### WORK TO BE COMPLETED
Starting at the line containing "4 spillere på" and ending at the line containing "box and papers.", print every line of the material below exactly, both ends included, and stop there.

### RECORDED INFORMATION
--- START ---

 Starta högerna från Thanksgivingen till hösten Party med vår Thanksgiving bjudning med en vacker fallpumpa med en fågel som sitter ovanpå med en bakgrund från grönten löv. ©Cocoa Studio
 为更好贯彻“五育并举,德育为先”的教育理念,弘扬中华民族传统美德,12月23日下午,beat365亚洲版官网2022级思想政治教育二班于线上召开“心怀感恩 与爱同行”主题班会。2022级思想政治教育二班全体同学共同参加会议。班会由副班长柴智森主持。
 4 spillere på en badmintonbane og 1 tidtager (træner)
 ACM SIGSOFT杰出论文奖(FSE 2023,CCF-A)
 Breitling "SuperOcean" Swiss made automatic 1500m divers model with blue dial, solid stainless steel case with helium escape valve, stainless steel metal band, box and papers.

--- END ---
--- START ---

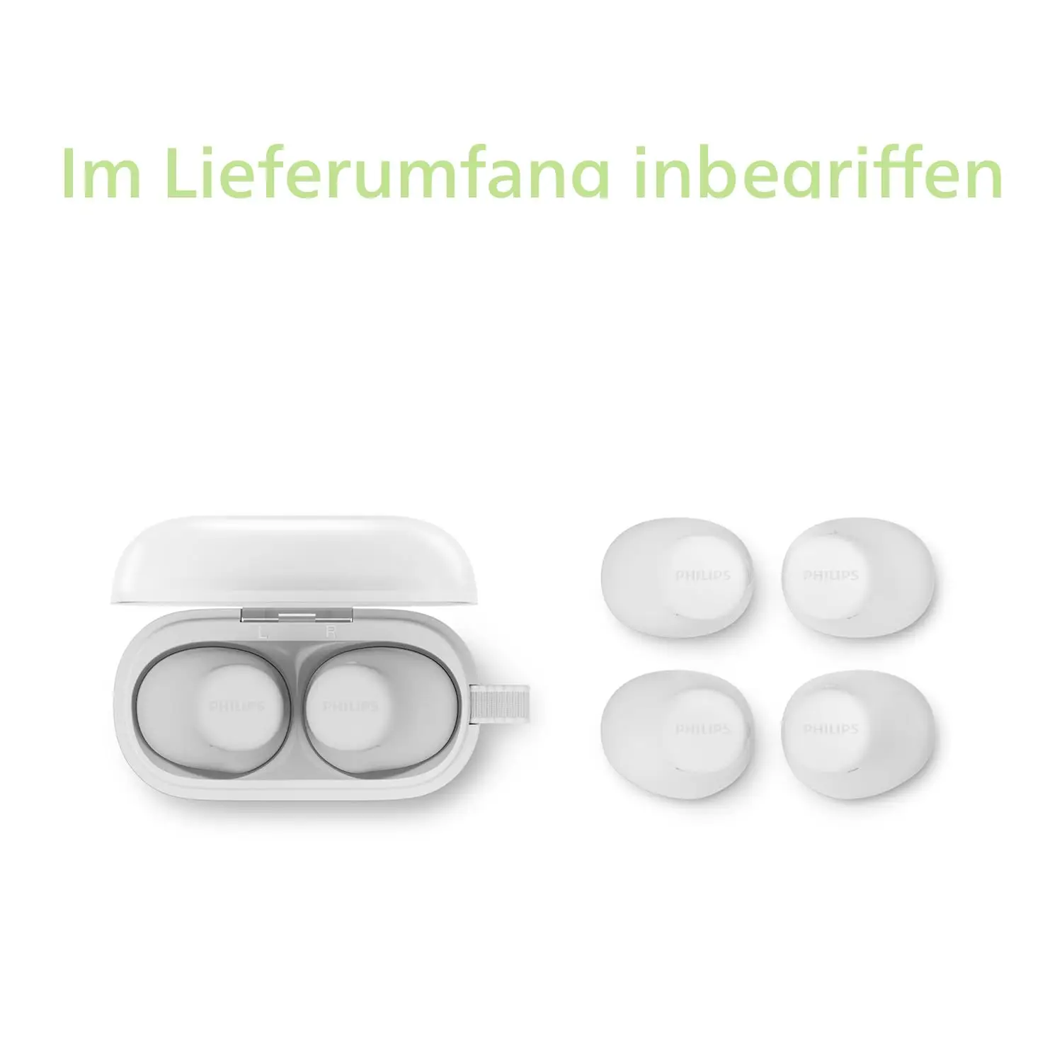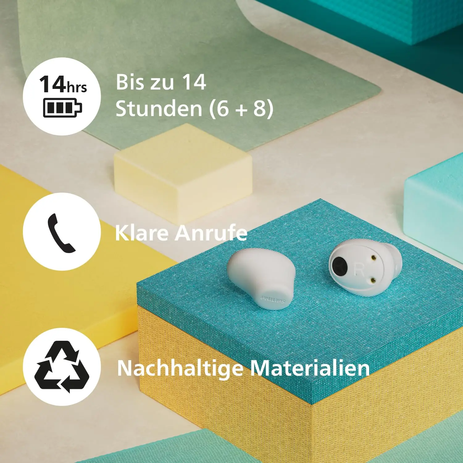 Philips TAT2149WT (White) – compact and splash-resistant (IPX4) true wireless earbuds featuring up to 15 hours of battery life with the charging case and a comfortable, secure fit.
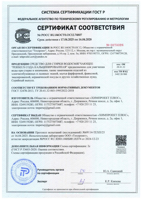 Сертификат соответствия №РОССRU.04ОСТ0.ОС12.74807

--- END ---
--- START ---

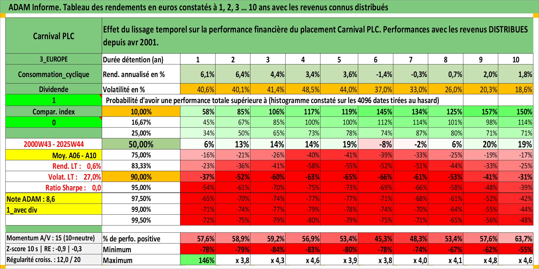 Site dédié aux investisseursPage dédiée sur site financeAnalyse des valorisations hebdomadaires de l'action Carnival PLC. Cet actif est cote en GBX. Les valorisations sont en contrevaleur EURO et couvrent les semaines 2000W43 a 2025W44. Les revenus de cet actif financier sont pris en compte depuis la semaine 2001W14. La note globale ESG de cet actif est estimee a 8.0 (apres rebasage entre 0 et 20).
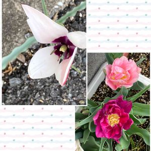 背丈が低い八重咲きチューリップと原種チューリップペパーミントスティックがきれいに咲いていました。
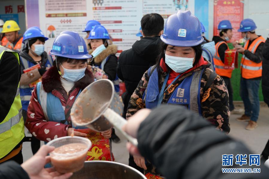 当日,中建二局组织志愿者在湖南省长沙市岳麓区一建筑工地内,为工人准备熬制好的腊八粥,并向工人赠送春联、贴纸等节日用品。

--- END ---

### FINISHED EXERCISE
 4 spillere på en badmintonbane og 1 tidtager (træner)
 ACM SIGSOFT杰出论文奖(FSE 2023,CCF-A)
 Breitling "SuperOcean" Swiss made automatic 1500m divers model with blue dial, solid stainless steel case with helium escape valve, stainless steel metal band, box and papers.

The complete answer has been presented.